Strip the pictures, then copy the remaining data exactly as it stands.

## Raw data
==========
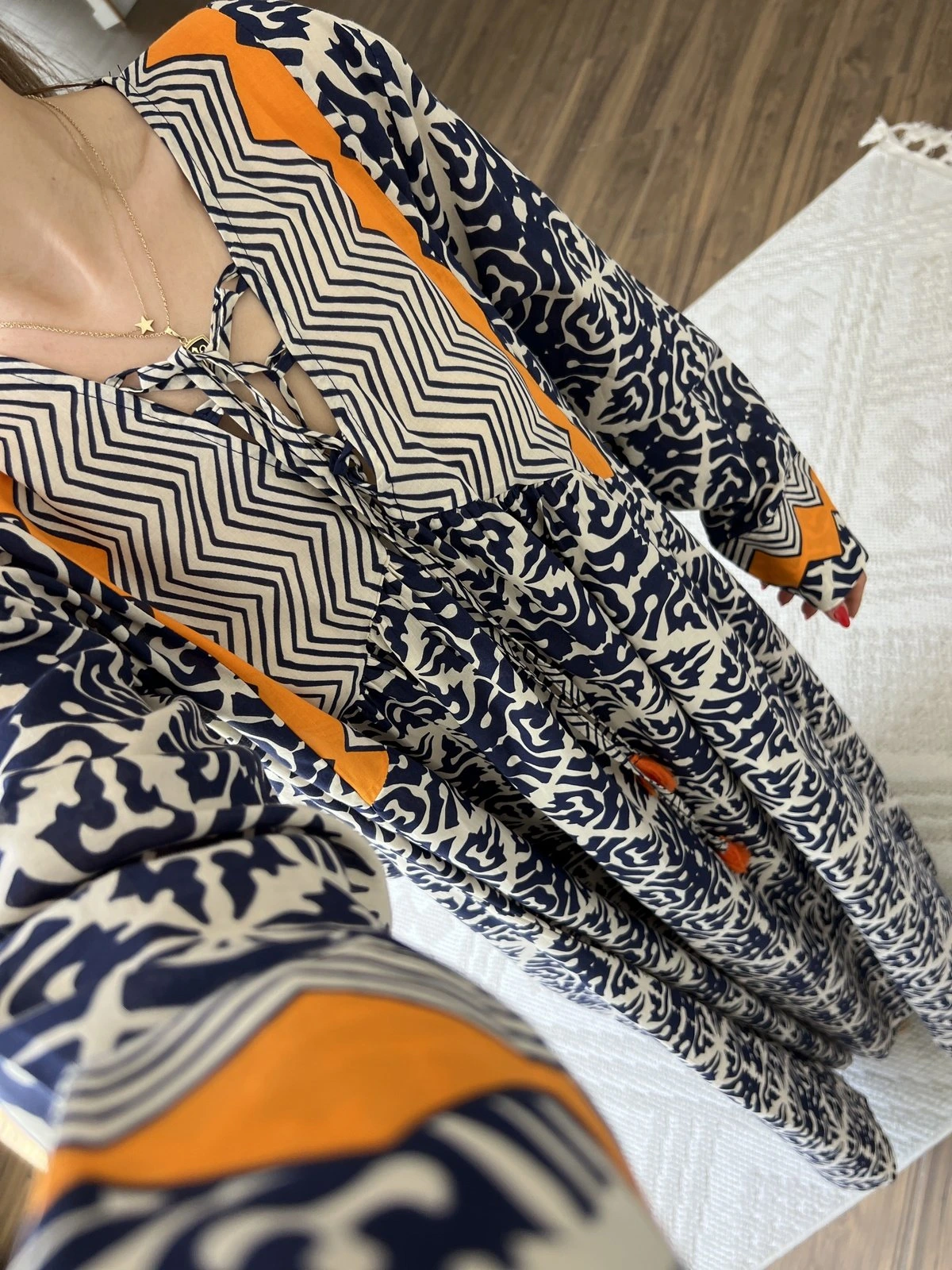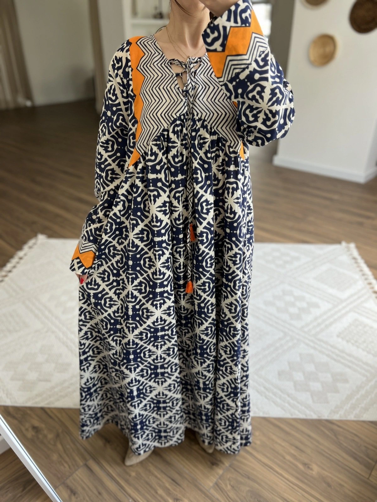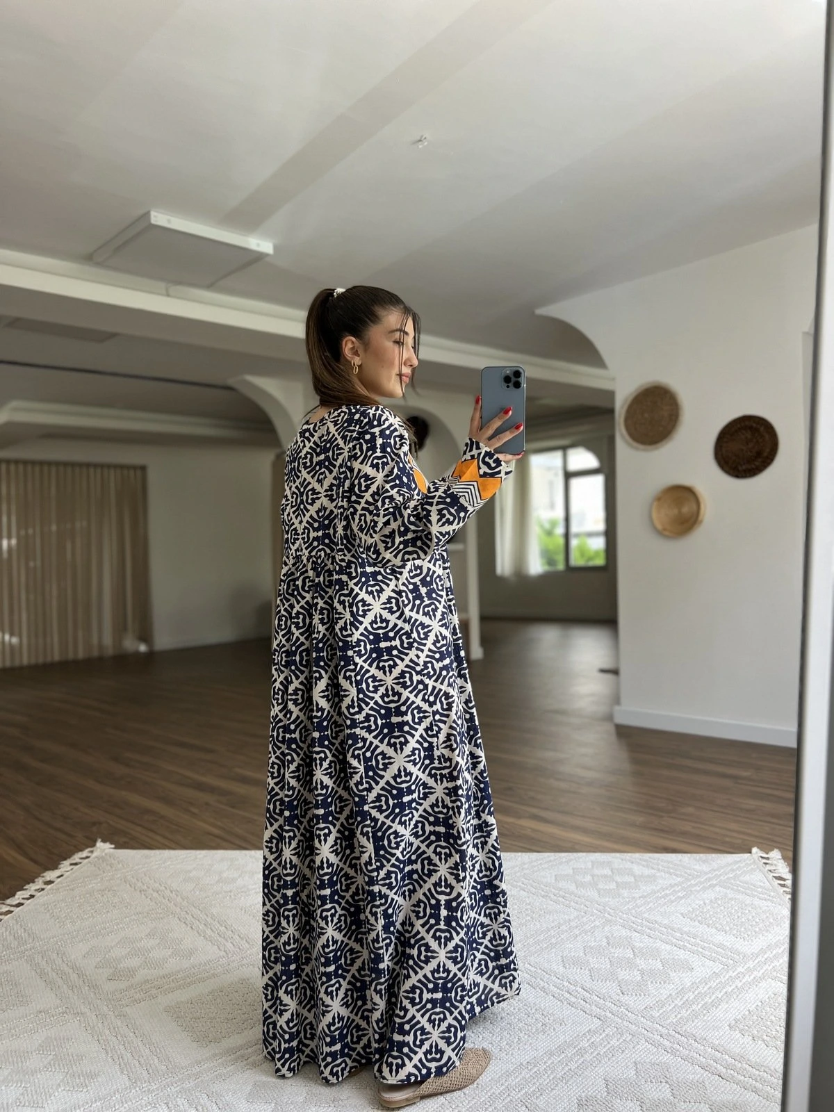 YAKA İP ŞERİT ROBADAN PİLE DESENLİ UZUN PAMUK ELBİSE – LACİVERT
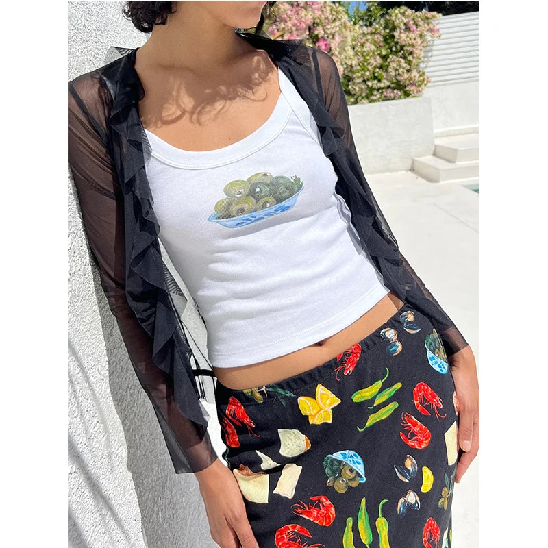 Crop Top mit Rundhalsausschnitt und Cartoon-Print
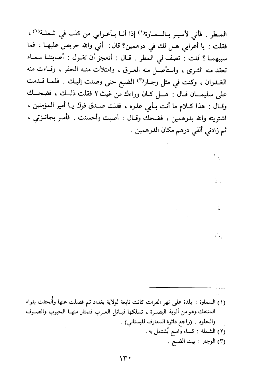الضبع حتى وصلت إليك. فلما قدمت على سليمان قال: هل كان وراءك من غيث؟ فقلت ذلك، فضحك وقال: هذا كلام ما أنت بأبي عذره، فقلت صدق فوك يا أمير المؤمنين، اشتريته والله بدرهمين، فضحك وقال: أصبت وأحسنت. فأمر بجائزتي، ثم زادني ألفي درهم مكان الدرهمين.
==========
## Task answer
 YAKA İP ŞERİT ROBADAN PİLE DESENLİ UZUN PAMUK ELBİSE – LACİVERT
 Crop Top mit Rundhalsausschnitt und Cartoon-Print
الضبع حتى وصلت إليك. فلما قدمت على سليمان قال: هل كان وراءك من غيث؟ فقلت ذلك، فضحك وقال: هذا كلام ما أنت بأبي عذره، فقلت صدق فوك يا أمير المؤمنين، اشتريته والله بدرهمين، فضحك وقال: أصبت وأحسنت. فأمر بجائزتي، ثم زادني ألفي درهم مكان الدرهمين.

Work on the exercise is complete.